Duplessis Orphans

The Duplessis Orphans (French: les Orphelins de Duplessis) were a population of Canadian children[1] wrongly certified as mentally ill by the provincial government of Quebec and confined to psychiatric institutions in the 1940s and 1950s. Many of these children were deliberately miscertified in order to acquire additional subsidies from the federal government. They are named for Maurice Duplessis, who served as Premier of Quebec for five non-consecutive terms between 1936 and 1959. The controversies associated with Duplessis, and particularly the corruption and abuse concerning the Duplessis orphans, have led to the popular historic conception of his term as Premier as La Grande Noirceur ("The Great Darkness") by its critics.

Maurice Duplessis in 1952

The Duplessis Orphans have accused both the government of Quebec and the Roman Catholic Church of wrongdoing. The Catholic Church has denied involvement in the scandal, and disputes the claims of those seeking financial compensation for harm done.[2]

Background

During the 1940s and 1950s, limited social services were available to residents of Quebec. Before the Quiet Revolution of the 1960s,[3] most of the social services available were provided through the Roman Catholic Church. Among their charges were people considered to be socially vulnerable: those living in poverty, alcoholics or other individuals deemed unable to retain work, unwed mothers, and orphans.[4]

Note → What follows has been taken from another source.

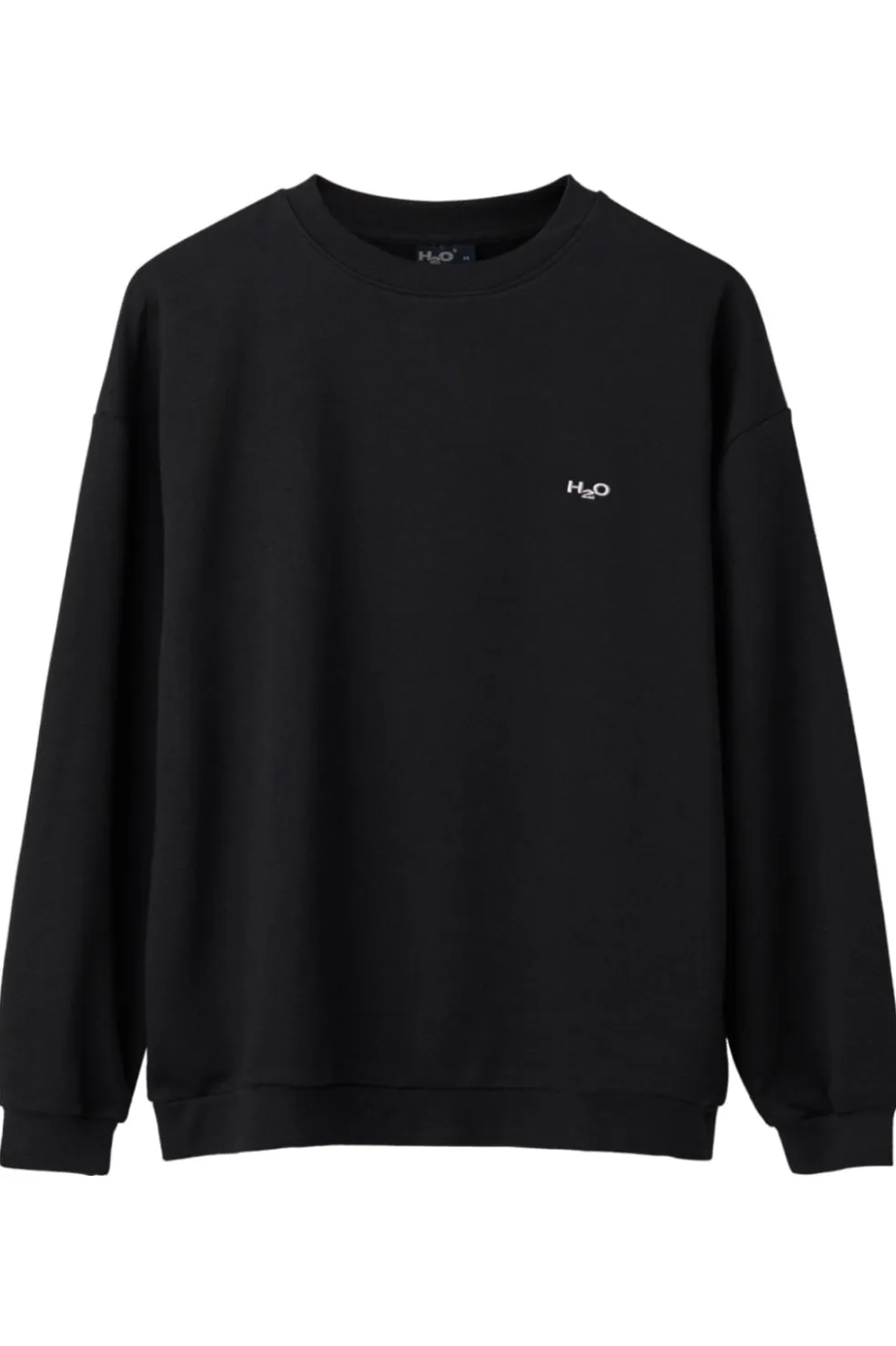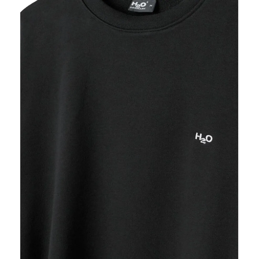 Sort sweatshirt fra H2O med rund halsudskæring og ribkanter. Den har et lille hvidt H2O-logo på brystet og er fremstillet i en kraftig bomuldsblanding med en vægt på 320 gram.
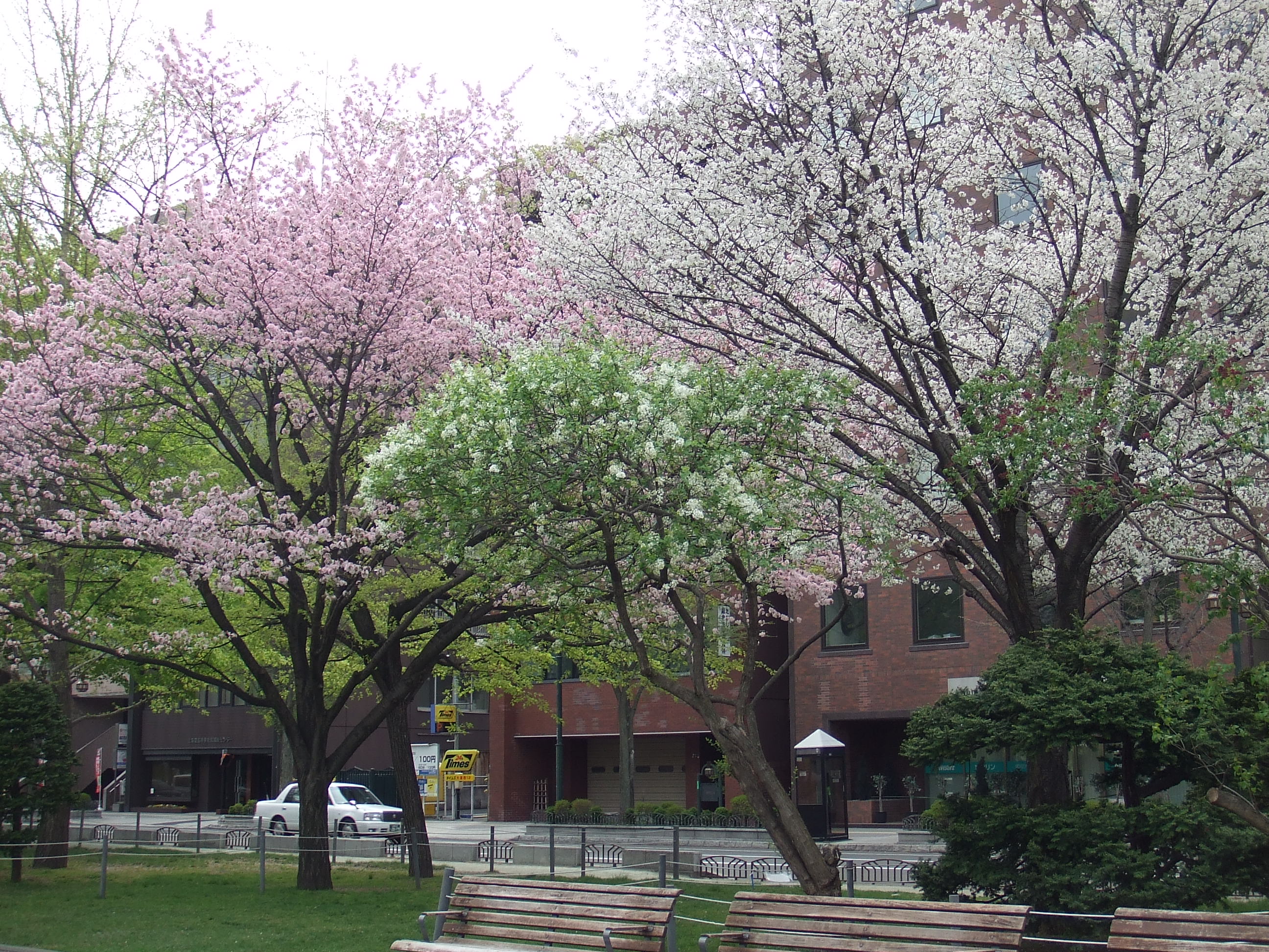 花咲く公園 2015年5月3日 西12丁目ではカスミザクラが見頃を迎えています。 うすいピンク色の可憐なサクラです。遠くから見た木の様子が霞のように 見えることからこのような名前が付けられたそうです。 中央は白いライラックです。 こちらは3丁目紫のライラックです。見頃はもう少し先でしょうか。 こちらの方は7~8分咲きでしょうか。白いライラックは少し早く咲くみたいです。 場所によって開花期間に差があるので、長くライラックを楽しんで頂けると思います。

The Catholic Church urged[5] many mothers to admit children to orphanages despite not having been formally orphaned due to their "bastard" status (being born to unwed mothers). Some of these orphanages were operated by Roman Catholic religious institutions, due to a lack of secular investment in social services; they encouraged unwed mothers to leave their children there, so that they might be raised in the Roman Catholic church. Maternity homes for unwed mothers, too, then prevalent, often encouraged the giving up of these "bastard" children.[6] [7]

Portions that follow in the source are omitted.